Saturday, January 14, 2012

Criticizing Saints and John Carter of Mars

I just saw a trailer for the upcoming Disney movie on John Carter of Mars, which excited me to no end.  I totally loved the original novels, which were my introduction to classic Fantasy Sci Fi. I've been waiting for years for the books to be adapted to film. I think there was some horrible, cheezy version, but they really needed modern CG to make Barsoom come alive. Incidentally, the original novels were written by Edgar Rice Burroughs of Tarzan fame.

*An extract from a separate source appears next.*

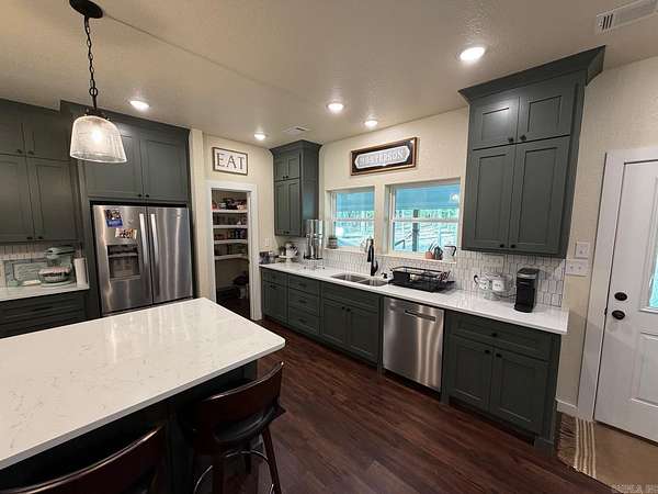 Newly built home (2024) that sits on the back of 3 wooded acres just 8 minutes from Hwy 65 and 15 minutes from Conway! Country life, but still just a short drive into town. 3 bedroom/2 bath 1,817 sq. ft. Private driveway. Home is on a slab, and extremely well built with 6'' exterior walls, prefab engineered trusses, spray foam insulation, LP SmartSide board and batten siding. Home has custom built cabinets/vanities, granite countertops, 12' vaulted ceiling in living room, 9ft ceilings everywhere else, large walk-in pantry, gas stove top, gas log fireplace, custom tile shower in master bath, Bermuda sodded yard, and more! Full length porches on front and rear of home (1,000 sq.ft.). 30'x30' carport. 10'x10' well house that doubles as a good area for storage. Well produces great water at 15 gallons per minute! Water your yard and garden as much as you want! Fiber internet was just recently installed throughout the neighborhood and is available.

While the plot and the characters of the books held up extremely well, even after 100 years (They were first published in 1912.), certain underlying societal attitudes fare less well. Some of the language, especially in reference to Native Americans (you have to read the books to figure out how Native Americans figure into a story about Mars!), is racist by today's standards. And, although the books do a remarkable job of seeing beyond skin color for their time, there is a subtle undercurrent of superiority that still flows through the ink (or electronic pulses, since I reread them on my Kindle).

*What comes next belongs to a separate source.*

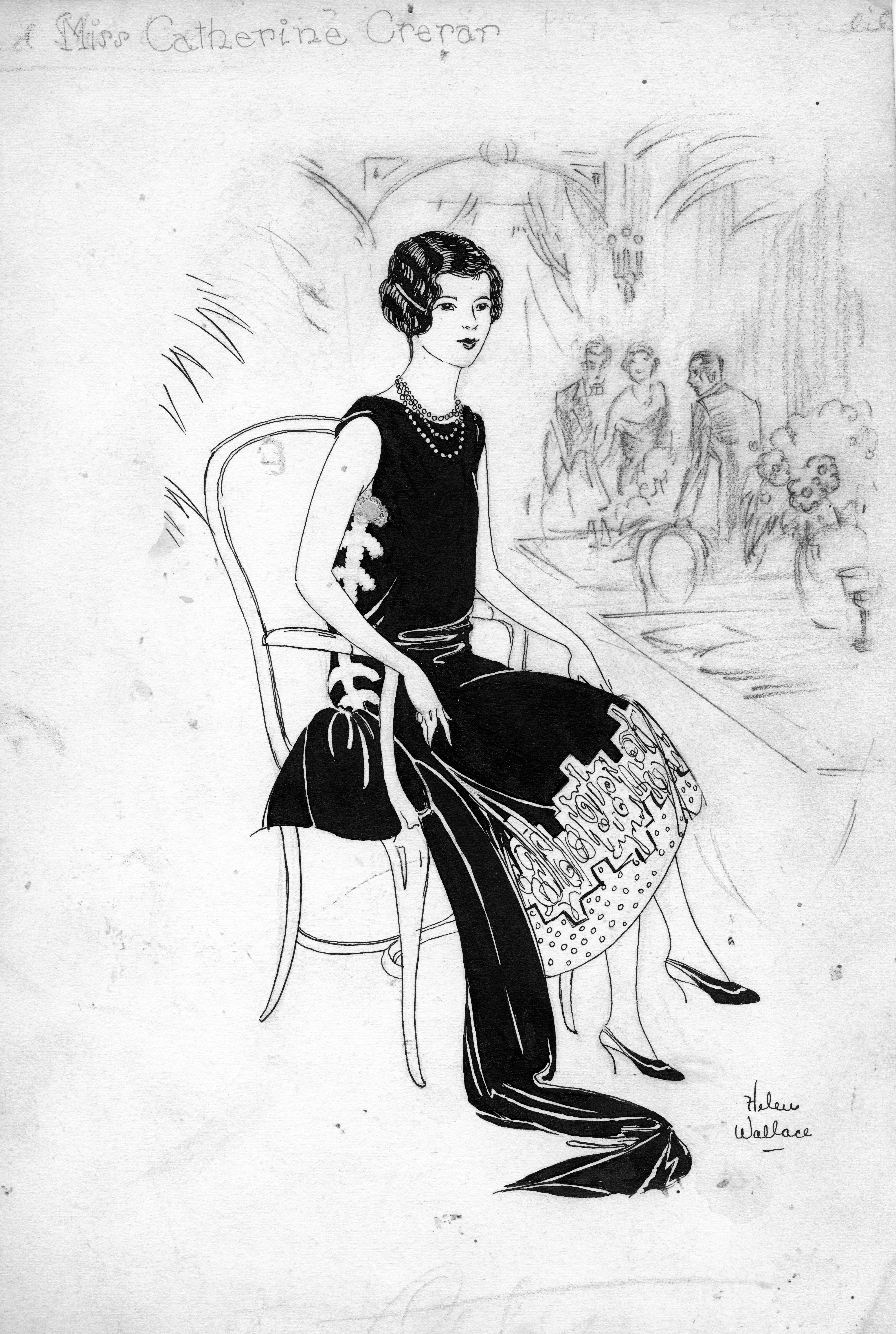Pen and pencil sketch of a young woman, Miss Catherine Crerar, with Marcelled hair wearing a dress that had a long bow in the back. The background gives the impression of a dinner celebration. The Chicago Tribune for January 15, 1927, carried an announcement of her wedding to Ralph Chester Otis, Jr.

Which brings me to saints.  In particular, the criticism of saints from our modern vantage. A couple of days ago, I quoted a bit from my upcoming book on another way to view Mother Teresa's apparent lack of modern painkillers in his homes for the dying, saying that one has to understand where she comes from with regard to suffering before you judge too harshly.

This is a problem with many saints.  A lot of them would not fare well in today's world. For instance, St. Rose of Lima would probably be under psychiatric care for her propensity to self-mutilate. Others were accepting of norms we reject today, like slavery. Still others were so single-minded in their pursuit of the Divine, they were socially inept and even rude at times (the Cure of Ars, comes to mind.)
As we look at these people through our own lenses, we can be tempted to decide that they weren't really all that holy.  But we have to remember that they were living in their own time and place. We need to judge them, not by our standards, but by the standards they judged themselves.

Just as the John Carter stories need to be judged by the standards of the turn of the last century and appreciated for what they are, not what they should be today.